Unfortunately, I must call you out too, my friend. With love.
Because it’s crucially important that we protect the scientific method here.
The sole goal is to help people like me reproduce the model. If I can’t reproduce the model, I can’t verify the paper.
When I saw “commercial” and then “open source” in your comment, I said “oh no…”
My duty is to the scientific method, so I don’t care if it’s the most restrictive code on the planet as long as I can use it to reproduce the model in the paper.
Because at that point, I have a baseline for evaluating the paper’s claims.
The reason I assume the paper is false until proven otherwise, is because the paper often doesn’t have enough detail to reproduce the model shown in the videos on this tech demos. Meaning, if they’re the it to help me, the ML researcher, then they’re failing to tell me how to evaluate their claims rigorously.

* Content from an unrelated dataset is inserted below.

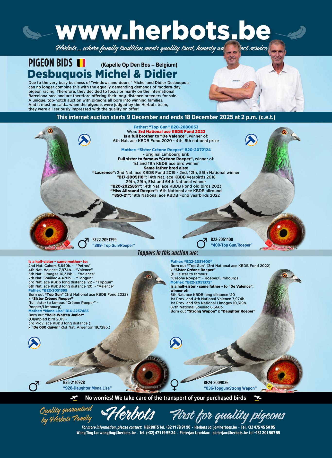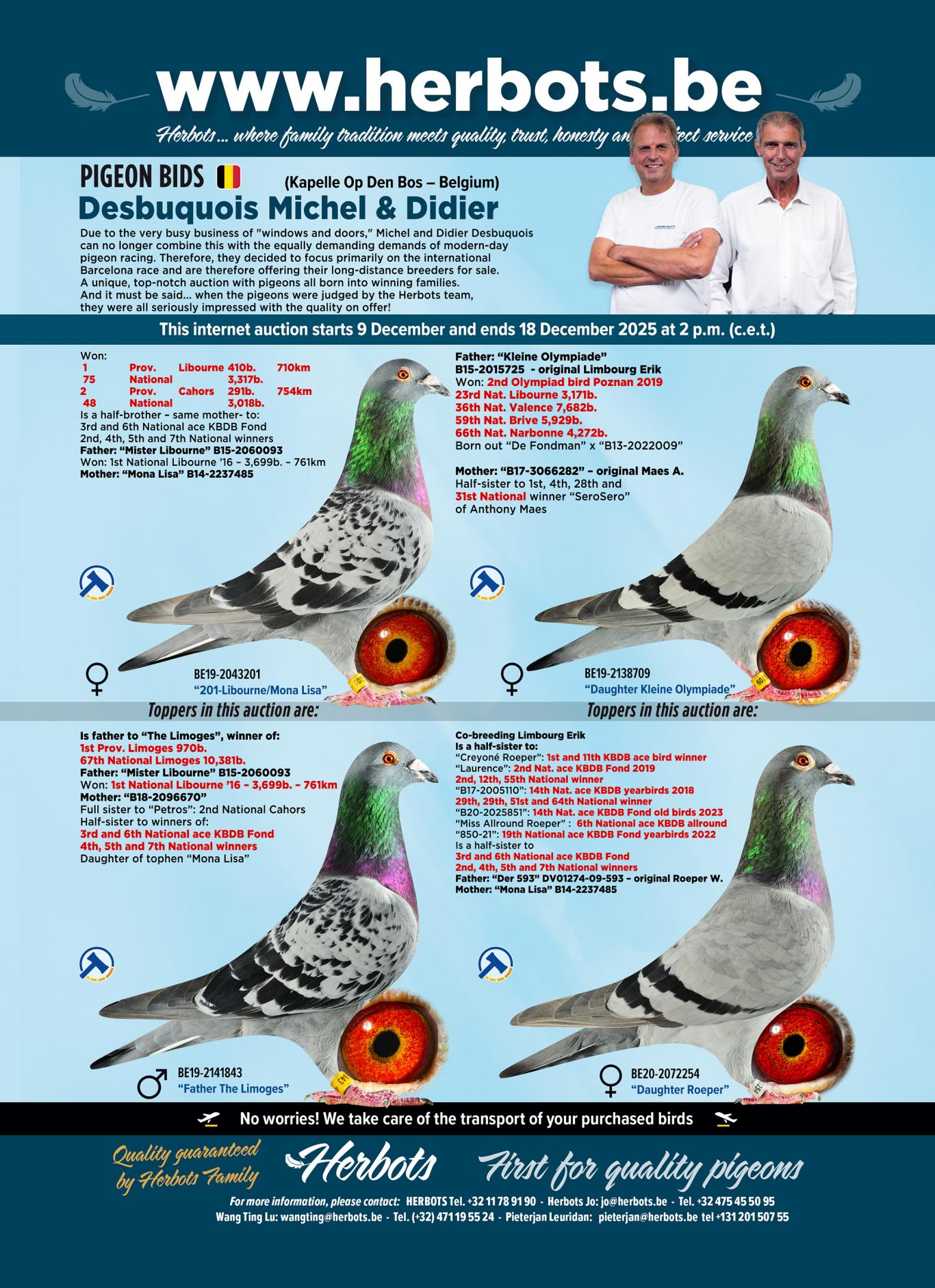 And – as the Herbots team – we can confirm that there's a tremendous amount of quality on offer. When our team judged the pigeons they all agreed: “These are pure class pigeons and you get goosebumps when you handle these pigeons.”
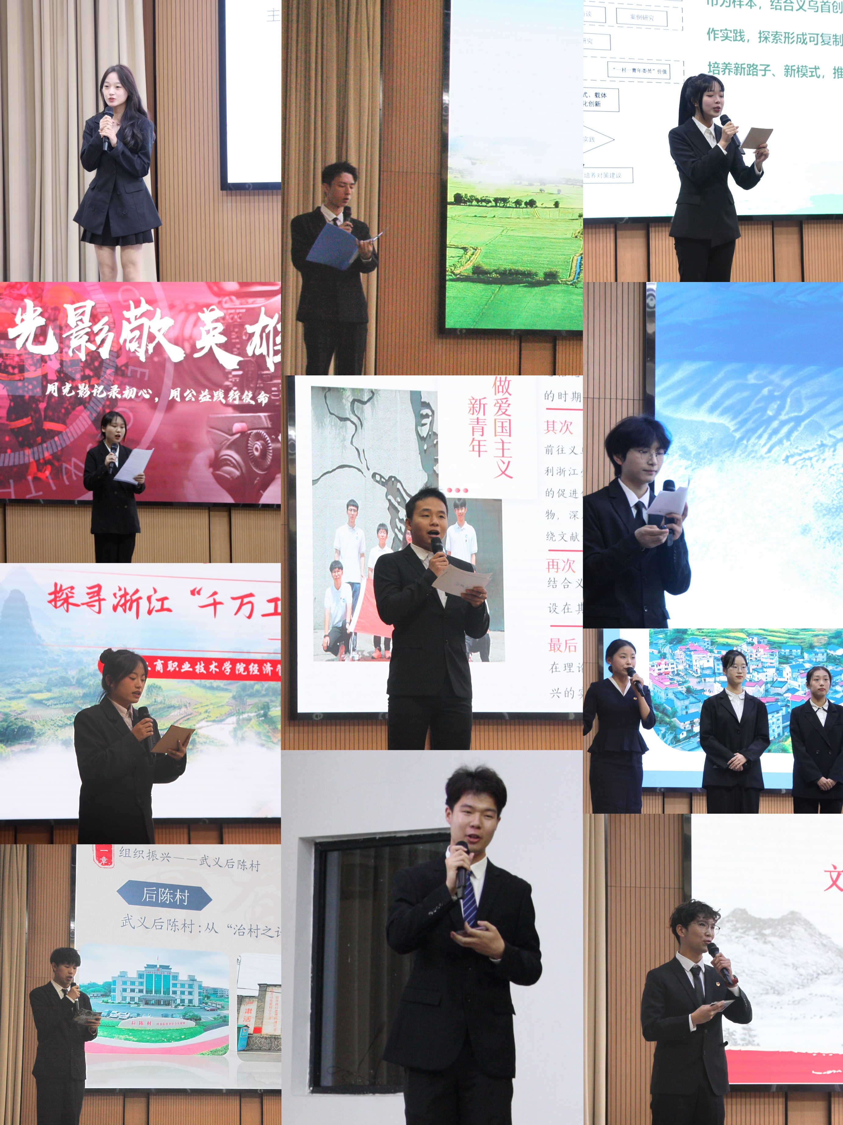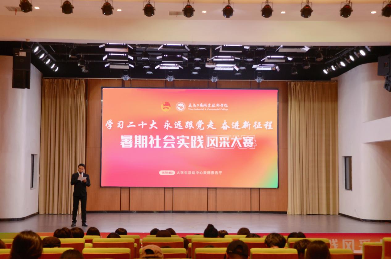 11月8日下午,校团委举办“学习二十大 永远跟党走 奋进新征程”暑期社会实践风采大赛。比赛现场,学校200余名师生共上一堂立足“社会大课堂”的国情社情思政课,以沉浸融合式、青年主体式的“大思政课”新模式,聚焦“发展成就”“文明文化”“民生福祉”“美丽中国”“中国之治”五个主题,共同感悟义工商青年学子躬身社会实践、感应时代脉搏的青年力量,引发师生共鸣,为奋进青春注入了满满正能量。

(That said, it’s breaking my heart that I can’t agree with you here, because I want to so badly. I’ve felt similarly for years that scientific contributions need to be “free as in beer” commercially. But I recognize signs of zealotry when I see them, and I can’t let my personal views creep in, because people like me would stop listening if I was here e.g. arguing vehemently that nVidia needed to be delivering us something commercially viable along with a high quality codebase. The price for entry to the scientific method isn’t so high.)